■ YOUR OBJECTIVE: All of the records below must be output exactly, with no pictures carried over.

[ENTRIES PROVIDED]

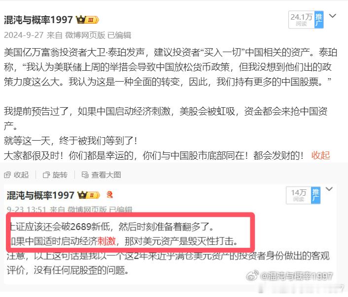 翻了一下,我抄底逃顶经常都是提前预告的,操作经常都是及时通知,从来没马后炮过。2024年9月23日提前预告中国如果启动经济刺激,对美元资产是毁灭性打击。第二天行情马上爆发,当时全网都在追捧美股,我是唯一一个敢喊出“清仓美股,买入a股”的人。
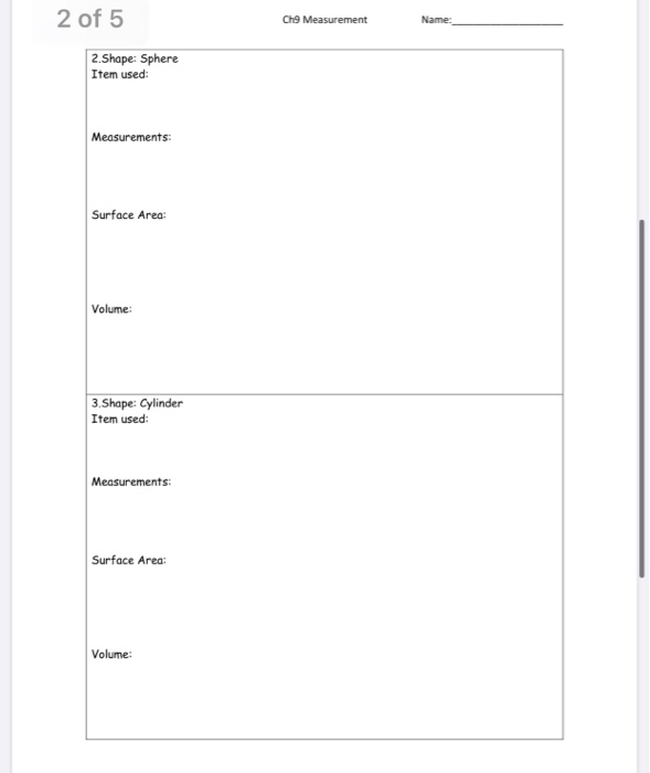 Solved 2 of 5 Che Measurement Name: 2 Shape: Sphere Item Chegg com
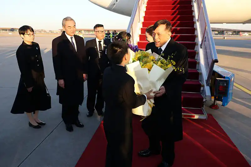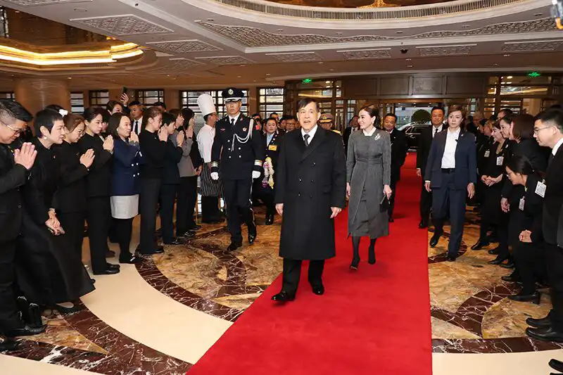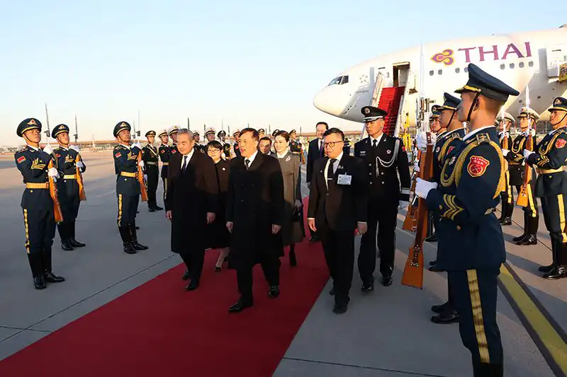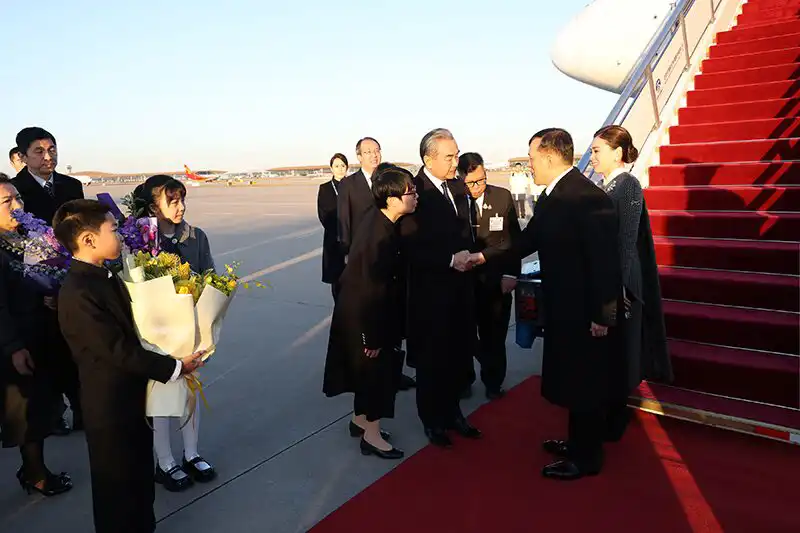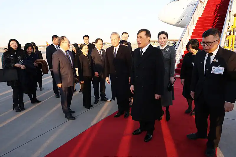 โดยมี นายหวัง อี้ (Mr. Wang Yi) สมาชิกกรมการเมือง ผู้อำนวยการสำนักงานคณะกรรมการกลางด้านกิจการต่างประเทศของพรรคคอมมิวนิสต์จีนและรัฐมนตรีว่าการกระทรวงการต่างประเทศ สาธารณรัฐประชาชนจีน พร้อมด้วยข้าราชการระดับสูงสาธารณรัฐประชาชนจีน เฝ้าทูลละอองธุลีพระบาทรับเสด็จ
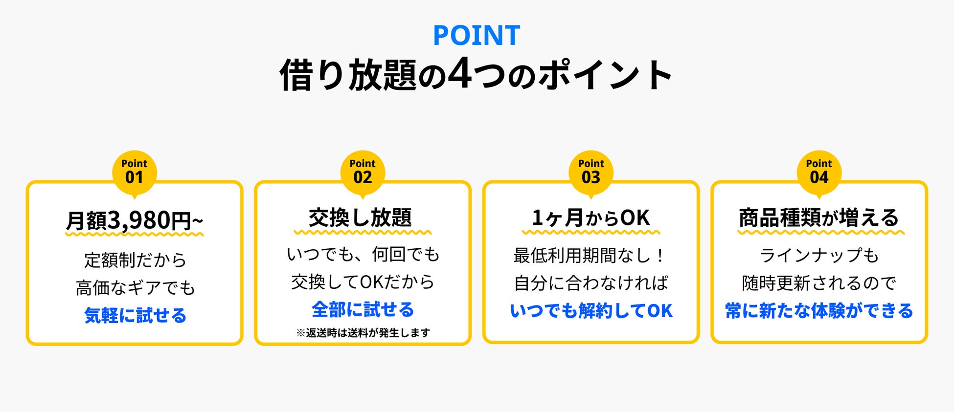ご利用期間中は、いつでも、何回でも交換し放題。使わなくなったらいつでも解約OKなので気軽に様々なアイテムを試すことが可能です。
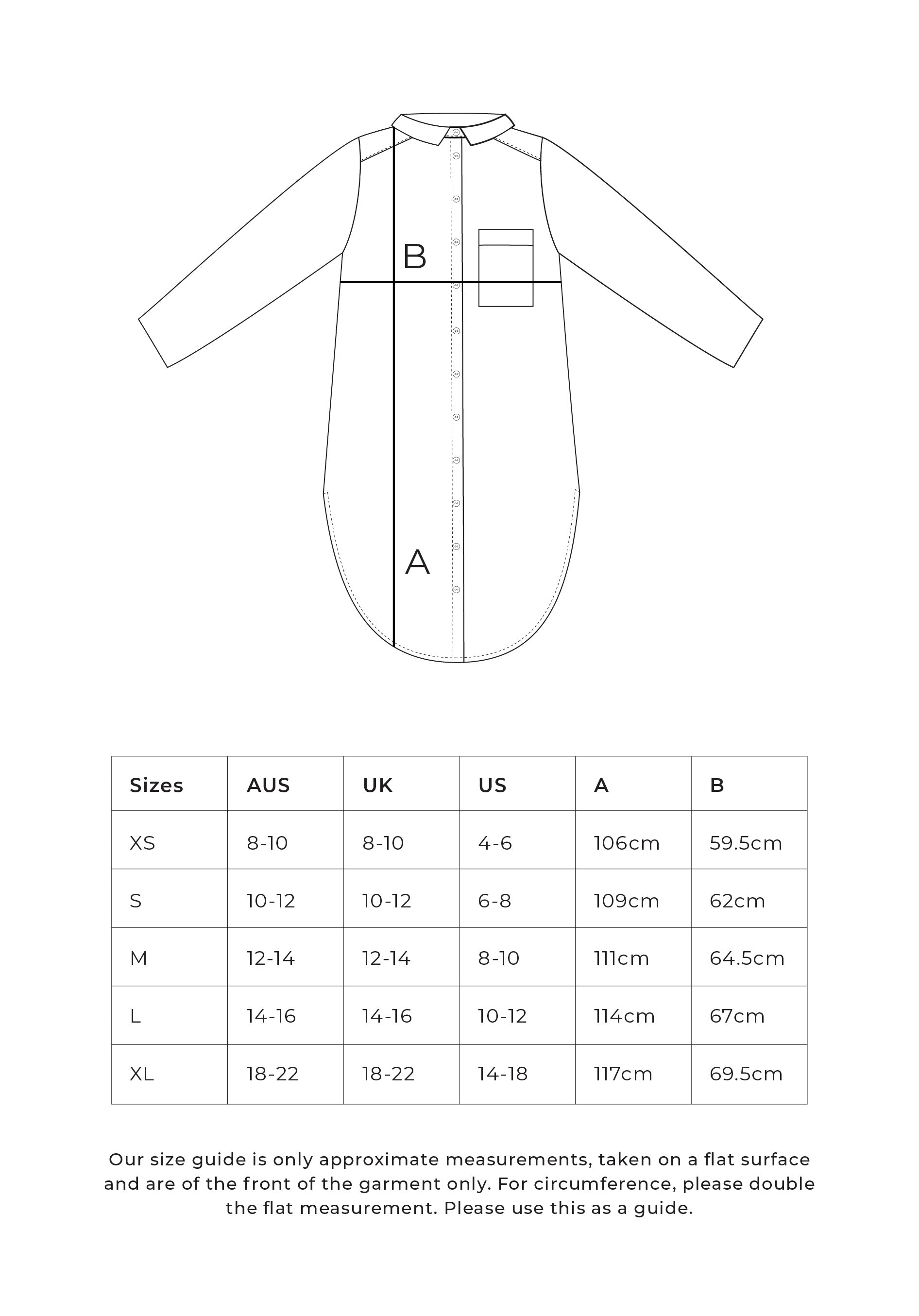 Our August Shirt Dress is a new season take on our much loved Bowie Shirts. With a long line length, and fully functional front placket, this piece makes a great beach coverup, lounge dress or light jacket.
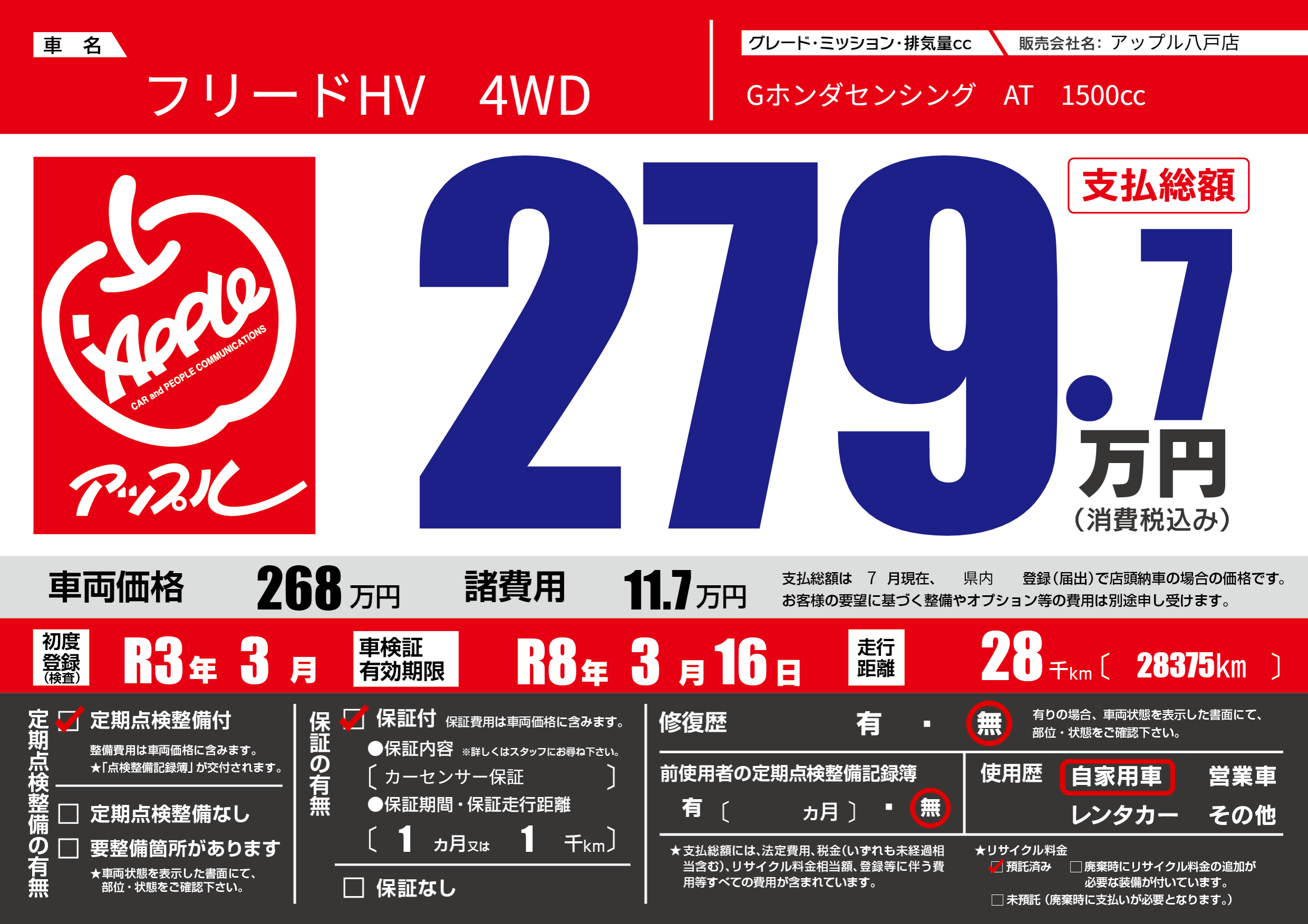 | 定期点検整備 | 定期点検整備あり | ||

[/ENTRIES PROVIDED]

■ RESPONSE BELOW:
 翻了一下,我抄底逃顶经常都是提前预告的,操作经常都是及时通知,从来没马后炮过。2024年9月23日提前预告中国如果启动经济刺激,对美元资产是毁灭性打击。第二天行情马上爆发,当时全网都在追捧美股,我是唯一一个敢喊出“清仓美股,买入a股”的人。
 Solved 2 of 5 Che Measurement Name: 2 Shape: Sphere Item Chegg com
 โดยมี นายหวัง อี้ (Mr. Wang Yi) สมาชิกกรมการเมือง ผู้อำนวยการสำนักงานคณะกรรมการกลางด้านกิจการต่างประเทศของพรรคคอมมิวนิสต์จีนและรัฐมนตรีว่าการกระทรวงการต่างประเทศ สาธารณรัฐประชาชนจีน พร้อมด้วยข้าราชการระดับสูงสาธารณรัฐประชาชนจีน เฝ้าทูลละอองธุลีพระบาทรับเสด็จ
ご利用期間中は、いつでも、何回でも交換し放題。使わなくなったらいつでも解約OKなので気軽に様々なアイテムを試すことが可能です。
 Our August Shirt Dress is a new season take on our much loved Bowie Shirts. With a long line length, and fully functional front placket, this piece makes a great beach coverup, lounge dress or light jacket.
 | 定期点検整備 | 定期点検整備あり | ||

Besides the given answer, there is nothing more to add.